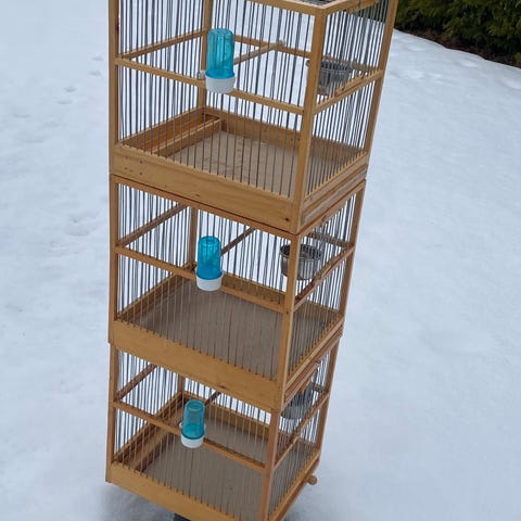 Bur i metall avsedd för fåglar. Burens konstruktion består av metallstänger och den har en rektangulär form. Passar för att hålla fåglar inomhus eller i skyddade miljöer.
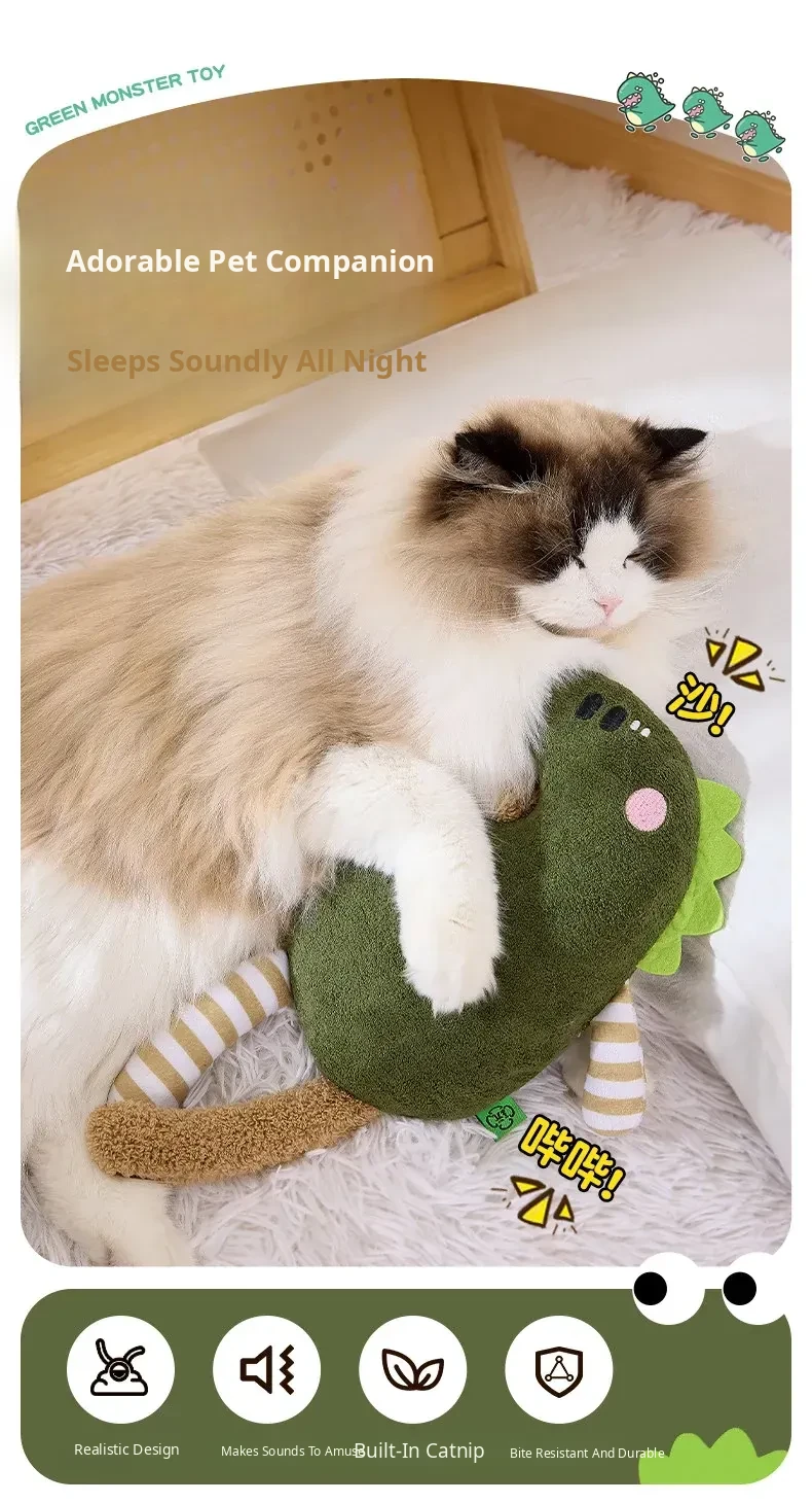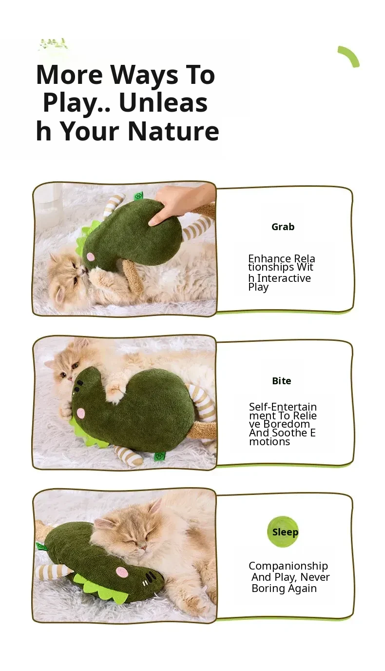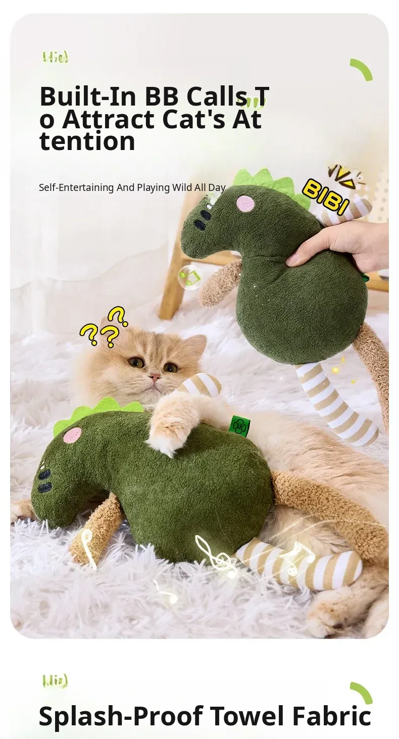 Durable Cat Toy - Interactive Dinosaur for Cats, Perfect for Chewing and Dental Care, Calming Companion, Waterproof and Sound-Emitting Fun to Keep Your Feline Entertained!
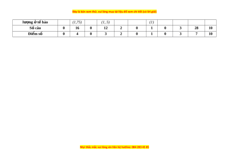 lư ng ợ ở t bào ế (1,75) (1, 5) (1) S câu ố 0 16 0 12 2 0 1 0 3 28 10 Đi m ể số 0 4 0 3 2 0 1 0 3 7 10
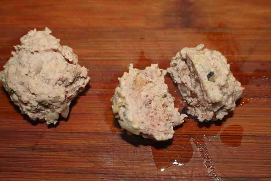 Testing the Klopse (meatball) for doneness.
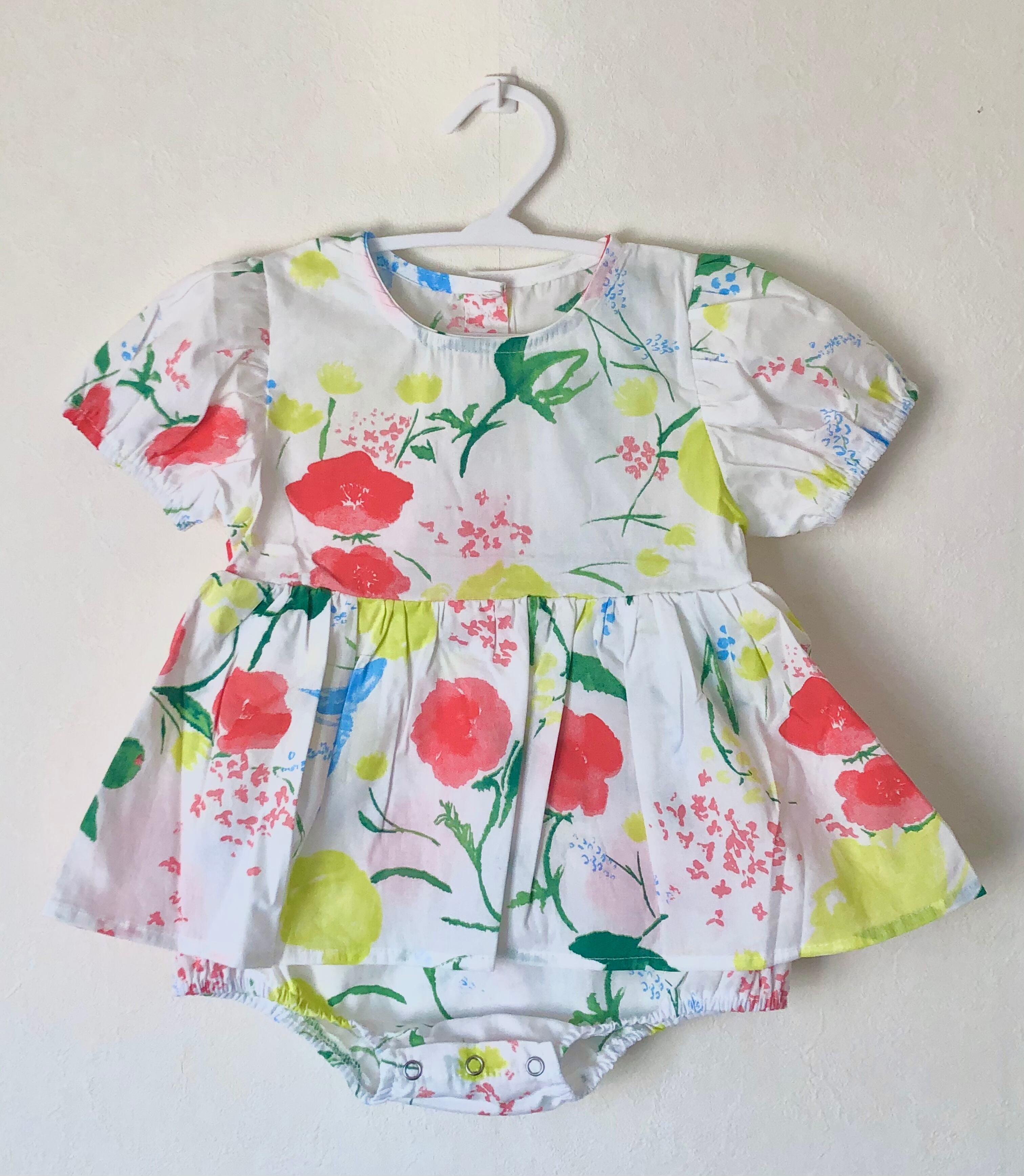 帽子付きの花柄ワンピースです。

★ ★ ★ ★ ★

• **Work instructions**
Output everything in the records above word for word, but not the pictures.

• **Solution**
 Bur i metall avsedd för fåglar. Burens konstruktion består av metallstänger och den har en rektangulär form. Passar för att hålla fåglar inomhus eller i skyddade miljöer.
 Durable Cat Toy - Interactive Dinosaur for Cats, Perfect for Chewing and Dental Care, Calming Companion, Waterproof and Sound-Emitting Fun to Keep Your Feline Entertained!
 lư ng ợ ở t bào ế (1,75) (1, 5) (1) S câu ố 0 16 0 12 2 0 1 0 3 28 10 Đi m ể số 0 4 0 3 2 0 1 0 3 7 10
 Testing the Klopse (meatball) for doneness.
 帽子付きの花柄ワンピースです。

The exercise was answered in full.